METHOD AND APPARATUS FOR AUDIO SIGNAL PROCESSING SELECTION
20220343889 ยท 2022-10-27
Assignee
Inventors
- Po-Jen Tu (New Taipei City, TW)
- Jia-Ren CHANG (New Taipei City, TW)
- Kai-Meng Tzeng (New Taipei City, TW)
- Ming-Chun FANG (New Taipei City, TW)
Cpc classification
H04R2420/03
ELECTRICITY
H04R5/04
ELECTRICITY
H04R2420/07
ELECTRICITY
G10K11/17827
PHYSICS
International classification
G10K11/178
PHYSICS
Abstract
A method and an apparatus for audio signal processing selection are provided. In the method, multiple audio signal processing operations are performed on a synthesized audio signal to generate multiple processed audio signals, the audio signal processing operations are evaluated according to the comparison results between the processed audio signals and the primary signal, and the audio signal processing operation corresponding to a designated application and the designated audio output mode is selected according to the evaluation result of the audio signal processing operations. The synthesized audio signal is generated by adding a secondary signal into a primary signal. The signal processing is related to remove the secondary signal from the synthesized audio signal. Those processed audio signals are used by the designated application at the designated audio output mode. The comparison result is related to signal similarity. The evaluation result is related to the highest signal similarity.
Claims
1. A method for audio signal processing selection, the method comprising: respectively performing a plurality of audio signal processing operations on a synthesized audio signal to generate a plurality of processed audio signals, wherein the synthesized audio signal is generated by adding a secondary signal into a primary signal, and the audio signal processing operations are related to removing the secondary signal from the synthesized audio signal; respectively evaluating the audio signal processing operations according to a plurality of comparison results between the processed audio signals and the primary signal, wherein the processed audio signals are used by a designated application at a designated audio output mode, and the comparison results are related to a signal similarity; and selecting one of the audio signal processing operations corresponding to the designated application and the designated audio output mode according to an evaluation result corresponding to the audio signal processing operations, wherein the evaluation result is related to one of the comparison results with the highest similarity.

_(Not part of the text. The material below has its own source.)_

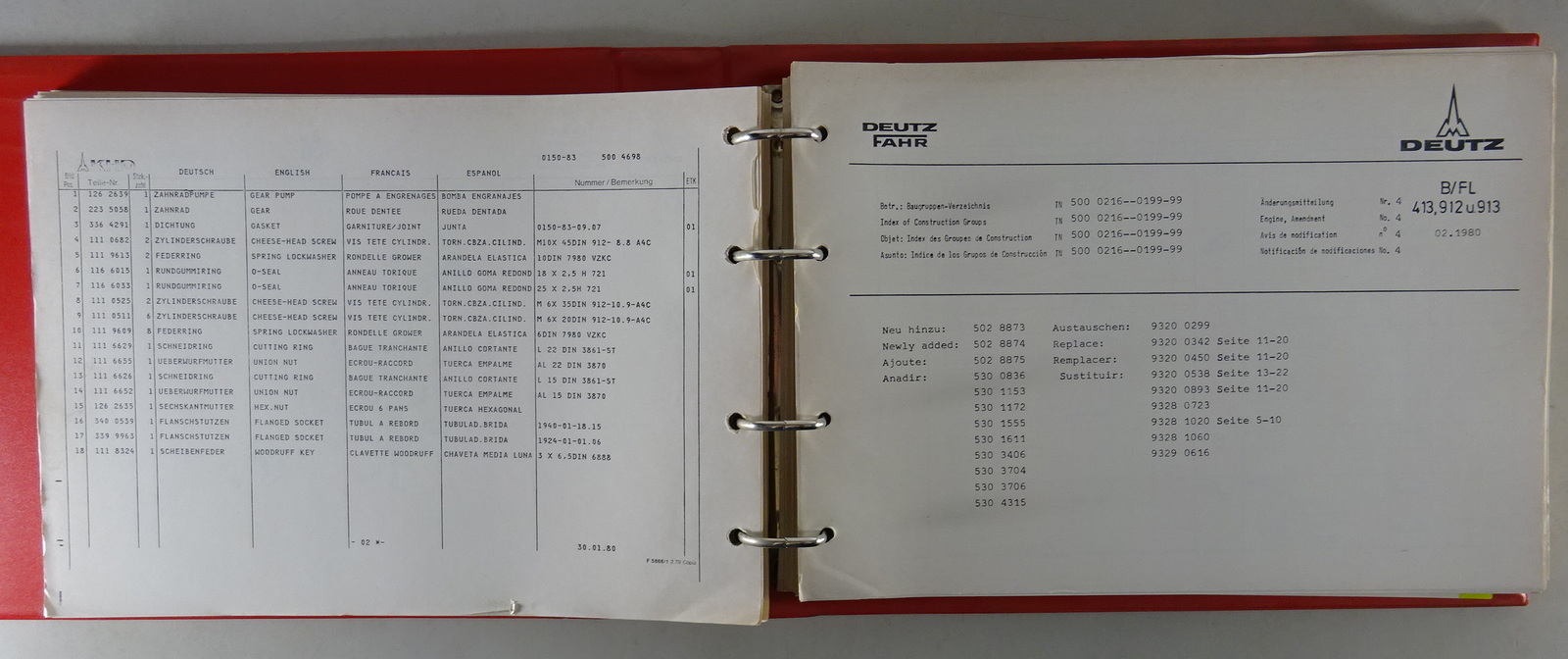 Teilekatalog / Parts List Deutz Motor B / FL 912 + 913 Stand 02/1980

2. The method for audio signal processing selection according to claim 1, further comprising: determining a currently selected audio output mode as the designated audio output mode; determining a currently selected application as the designated application; processing an audio signal of the designated application by using the audio signal processing operation selected according to the evaluation result in response to selecting the designated audio output mode and the designated application; and switching to another audio signal processing operation in response to not selecting the designated audio output mode and the designated application.
3. The method for audio signal processing selection according to claim 1, wherein generating the processed audio signals comprises: processing the synthesized audio signal with the designated application and outputting through the designated audio output mode to generate a simulating output audio signal; and respectively performing the audio signal processing operations on the simulating output audio signal to generate the processed audio signals.

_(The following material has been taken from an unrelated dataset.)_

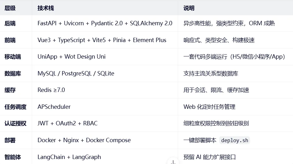 FastapiAdmin 的技术选型堪称“前沿且务实”的典范:
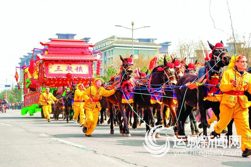 随后,三泉、万安、泽掌三镇特色社火方阵依次登场。

4. The method for audio signal processing selection according to claim 1, wherein generating the processed audio signals comprises: processing the processed audio signals with the designated application and outputting through the designated audio output mode to generate a plurality of simulating output audio signals, wherein the simulating output audio signals serve to evaluate the audio signal processing operations.
5. The method for audio signal processing selection according to claim 3, wherein generating the processed audio signals comprises: obtaining an audio signal output by the designated application through a virtual audio cable (VAC) technique.
6. The method for audio signal processing selection according to claim 4, wherein generating the processed audio signals comprises: obtaining an audio signal output by the designated application through a VAC technique.
7. The method for audio signal processing selection according to claim 1, wherein evaluating the audio signal processing operations according to the plurality of comparison results between the processed audio signals and the primary signal comprises: comparing similarities of voice print characteristics, semantic recognitions, or residuals of the secondary signal between the processed audio signals and the primary signal, to generate the plurality of comparison results.
8. The method for audio signal processing selection according to claim 1, wherein the designated audio output mode is a built-in loudspeaker, an earphone, or an external loudspeaker, and the designated application is a video communication software, voice call software, music software, or video player software.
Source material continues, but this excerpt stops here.